ElaineBenes · 04/02/2012 20:04

And I shall read the whole thread in future Blush

But good to see other David B fans about :)

ArielNonBio · 04/02/2012 20:05

Why are you Hmm at A Person Of Quality? I am a Person Of Quality Grin

ScoutJemAndBoo · 04/02/2012 20:08

David's routine is nowhere near as amusing as ths thread.

SarahStratton · 04/02/2012 20:09

I think MrsPotter was slightly too rabid to be described as a fan. Grin

weasle · 04/02/2012 20:10

Not sure if this has been mentioned, but there are modern chemotherapy drugs made from yew trees. Taxanes, used for breast and ovarian cancer.

saggarmakersbottomknocker · 04/02/2012 20:17

I fear I am not a person of Quality [commoner]

MavisGrind · 04/02/2012 20:27

Fascinating thread - I should have got on with so much stuff the last hour or so..

My only historical contribution was that years ago I was doing some research in our villages Book of the Dead. The vicar in the mid 19th century had dutifully written in all the parishes deaths, however after a time his hand writing got scratchier and scratchier, finally almost illegible. Then there was a discreet gap in the book and a new hand writes in the death of the vicar. And life goes on.... Smile

CuppaTeaJanice · 04/02/2012 20:30

Going back to the Bill of Mortality, it's interesting to see that there were 17 stillbirths (sadly, a number that hasn't reduced greatly today) but 42 deaths in 'childbed'. Does this suggest that childbirth was more dangerous for the mother than the baby at that time, or were the deaths of the babies either not recorded, or recorded under a different category?

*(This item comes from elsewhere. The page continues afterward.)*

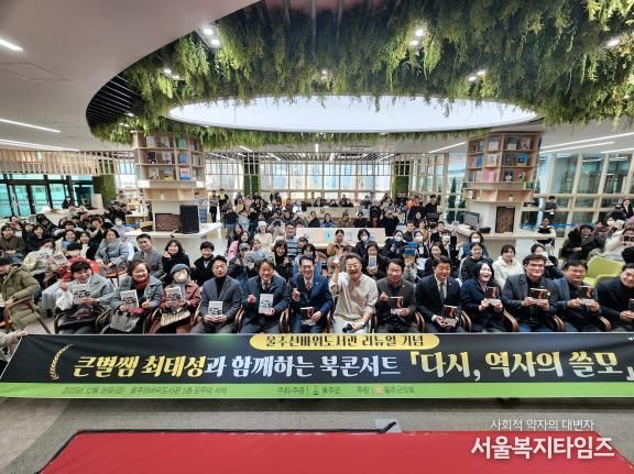 서울복지타임즈 이재연 기자 | 울주선바위도서관이 26일 이순걸 군수와 내빈, 지역주민 등 300여명이 참석한 가운데 공간 리뉴얼 기념행사와 최태성 북콘서트를 개최했다.

TunipTheVegemal · 04/02/2012 20:39

Mavis - I had a similar experience re handwriting.
My research subject had lovely clear handwriting most of the time. (And how I loved him for it Smile. He drew funny cartoons in the margins, too!). But when he was very ill in the lead-up to his death, his writing got all scrawly and spidery. It was so, so sad! And the letters he wrote to his close friends knowing they would probably be the last....

saggarmakersbottomknocker · 04/02/2012 20:44

Some baby deaths were recorded as Chrisoms. - death before baptism.

Jux · 04/02/2012 21:02

Going back to the churchyard/yew tree thing, I thought it was practicality, as there was so much nitrate in the soil from the bodies that not much else would grow there happily? (Might not be nitrate, but something like that.)

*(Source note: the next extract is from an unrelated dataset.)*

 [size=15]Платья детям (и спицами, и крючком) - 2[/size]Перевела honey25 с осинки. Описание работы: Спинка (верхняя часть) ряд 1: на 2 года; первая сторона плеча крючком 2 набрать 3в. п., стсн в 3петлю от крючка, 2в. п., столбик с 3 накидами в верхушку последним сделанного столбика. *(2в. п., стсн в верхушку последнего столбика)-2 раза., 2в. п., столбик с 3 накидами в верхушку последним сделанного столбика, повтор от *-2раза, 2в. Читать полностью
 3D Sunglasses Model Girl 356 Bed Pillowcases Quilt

MavisGrind · 04/02/2012 21:12

Tunip - it is sad isn't it? Like someone's mortalily played out through their writing . My Vicar obviously didn't keep up with his job towards the end. After his death is recorded there were a number of other deaths recorded post-dated!

trice · 04/02/2012 21:17

I have had course of yew based chemotherapy. It certainly felt toxic.

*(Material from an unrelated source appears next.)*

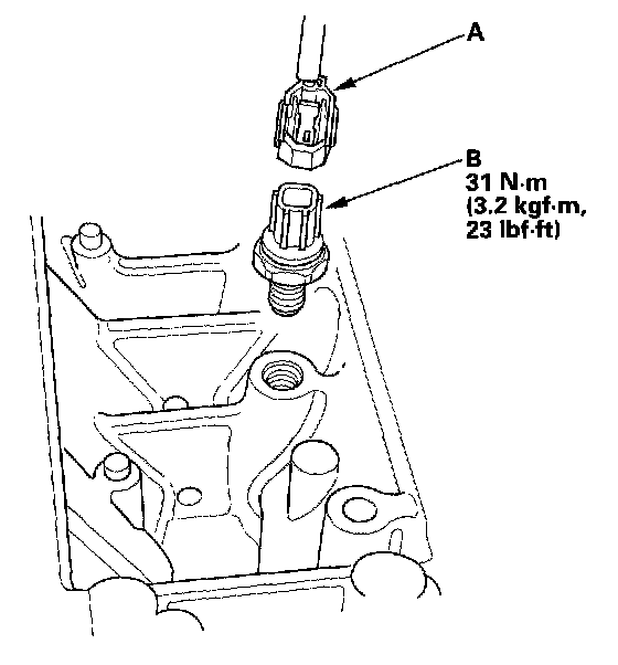 3. Disconnect the knock sensor 1P connector (A), then remove the knock sensor (B).

There is a good museum at St James hospital in leeds. It has some really eyewatering old surgical instruments along with gruesome diagrams.

GrahamTribe · 04/02/2012 21:19

"My grandmother was very ill after the birth of her first child with 'childbed fever' - in hospital for months - this was in 1930, - also known as puerperal fever, I think its a kind of infection. I think that was probably a common cause of death for women pre anti biotics."

It was indeed very common, sadly. Family rumour has it that my G G Grandmother died in childbirth in the late 1800s. Her death certificate states that she died of an infection, one which was often found in the womb of women who died following childbirth. I'll never know for sure as until around, IIRC, 1922, stillbirths weren't recorded. I've learned that stillborn babies would generally have been buried unrecorded with the mother if she also died or along with a stranger if the mother survived in circumstances where, as with my family, the bereaved didn't have enough money for a seperate funeral.

It's all very fascinating but terribly sad too.

TunipTheVegemal · 04/02/2012 21:21

I had a GP once that collected old surgical instruments and had them on display in his consulting room. It was kind of off-putting.